--- Collected material Enclosed Below ---

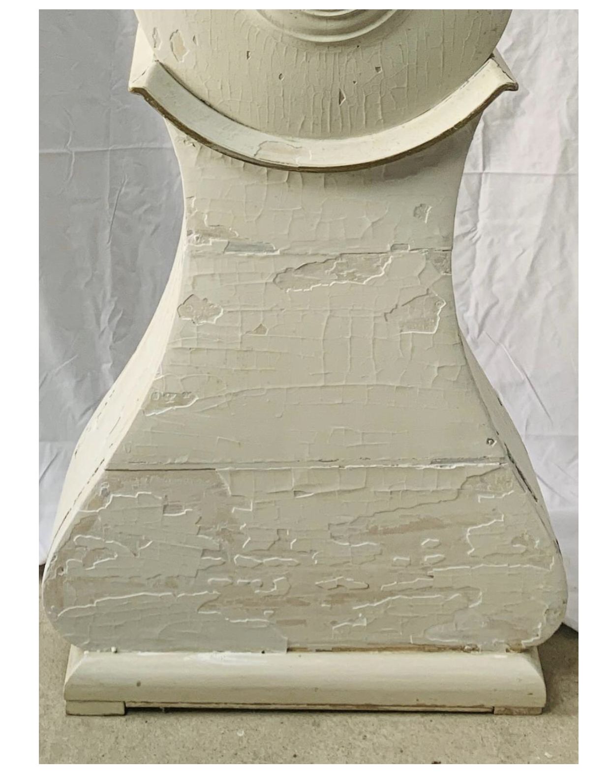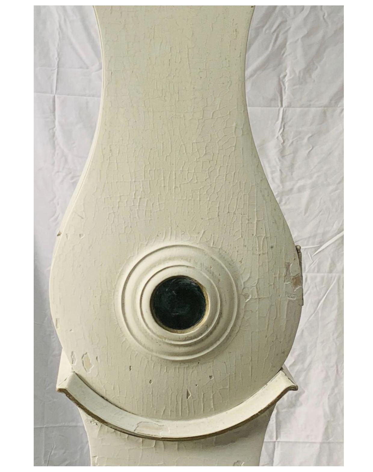 Early 1800s antique Swedish mora clock in white paint with Classic Fryksdal inspired carved detailing on the body and hood. This grandfather mora clock is extremely unusual in its decoration and carved detailing. It has lovely wear on teh base showing its history.
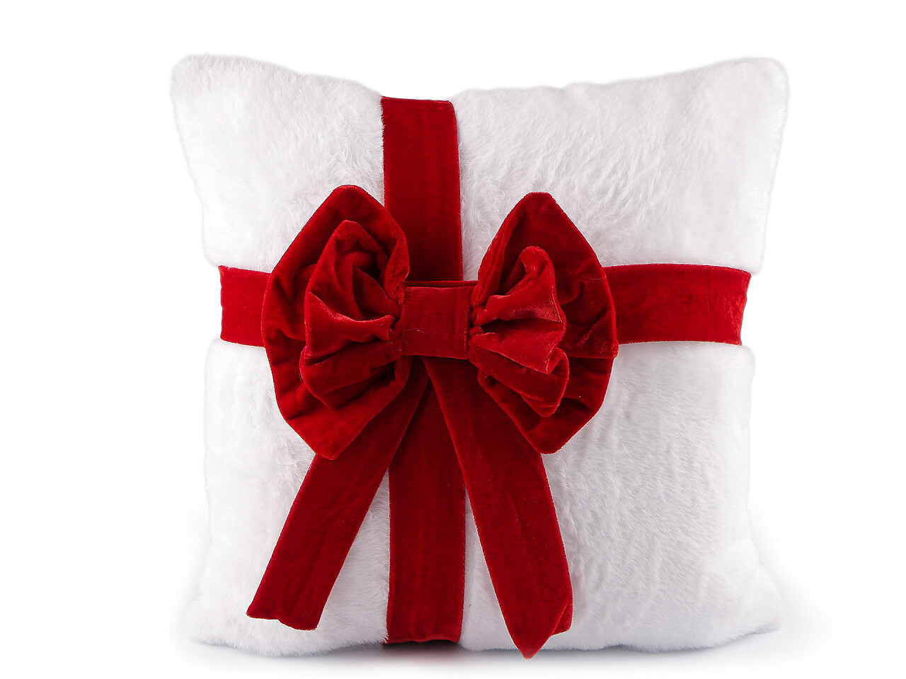 Vánoční plyšový povlak na polštář s mašlí 40x40 cm - 1 ks - bílá červená
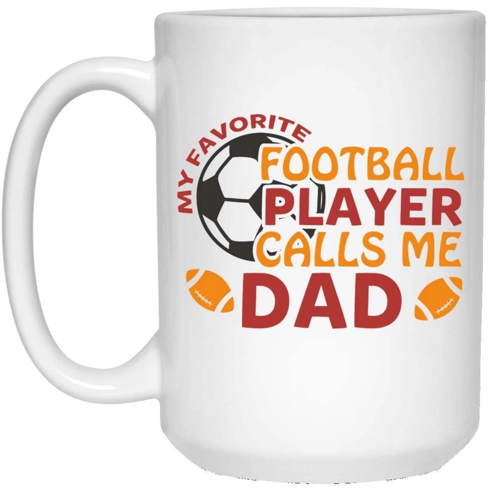 Football Mug My Favorite Football Player Calls Me Dad Coffee Mugs Gift For Product Details.. This high quality 11oz. ceramic white mug has a premium hard coat that provides crisp and vibrant color reproduction sure to last for years. Perfect for all hot & cold beverages. The highest quality printing possible is used. It will never fade no matter how many times you wash it. Material: 100% Ceramic. Print both sides. Dishwasher and Microwave Safe. High Gloss + Premium White Finish. Printed in the U.S.A. Personalized & Custom. We support personalized and custom mug to add custom, when placing an order, you can add notes to the "order note" in shipping address section. Also you can contact us directly via message. Shipping Info. Ready to ship in 1 to 2 business days, All products are made-to-order and proudly printed in the United States. Shipped by USPS and DHL, You will receive your order in 5-7 days. Replace & Refund. All products are defective during shipping broken, chipped will be replaced free of charge. You are not satisfied with the product, we will refund 100% money to you. If any other issues arise, please do not hesitate to message, we would be more than happy to assist you.
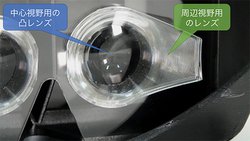 スマートフォンを取り付けて利用する一般的なVRゴーグルは、視野角が狭く、穴から映像を覗いているように感じられることに対し、本VRゴーグルでは、視野の中心領域ではくっきりと、周辺部分はぼんやりと映像を見るという人間の視野特性を活用し、凸レンズに加えその周りに高倍率の特殊な構造のレンズを配置することで、あたかもその場にいるかのような没入感の高いリアルなVR映像を体験できるとしている。

--- End of Enclosed Collected material ---

What you should do -> Each line from the line containing "Vánoční plyšový povlak" through the final line of the data above must be retyped exactly; nothing else, and no pictures, may appear.

Written solution ->
 Vánoční plyšový povlak na polštář s mašlí 40x40 cm - 1 ks - bílá červená
 Football Mug My Favorite Football Player Calls Me Dad Coffee Mugs Gift For Product Details.. This high quality 11oz. ceramic white mug has a premium hard coat that provides crisp and vibrant color reproduction sure to last for years. Perfect for all hot & cold beverages. The highest quality printing possible is used. It will never fade no matter how many times you wash it. Material: 100% Ceramic. Print both sides. Dishwasher and Microwave Safe. High Gloss + Premium White Finish. Printed in the U.S.A. Personalized & Custom. We support personalized and custom mug to add custom, when placing an order, you can add notes to the "order note" in shipping address section. Also you can contact us directly via message. Shipping Info. Ready to ship in 1 to 2 business days, All products are made-to-order and proudly printed in the United States. Shipped by USPS and DHL, You will receive your order in 5-7 days. Replace & Refund. All products are defective during shipping broken, chipped will be replaced free of charge. You are not satisfied with the product, we will refund 100% money to you. If any other issues arise, please do not hesitate to message, we would be more than happy to assist you.
 スマートフォンを取り付けて利用する一般的なVRゴーグルは、視野角が狭く、穴から映像を覗いているように感じられることに対し、本VRゴーグルでは、視野の中心領域ではくっきりと、周辺部分はぼんやりと映像を見るという人間の視野特性を活用し、凸レンズに加えその周りに高倍率の特殊な構造のレンズを配置することで、あたかもその場にいるかのような没入感の高いリアルなVR映像を体験できるとしている。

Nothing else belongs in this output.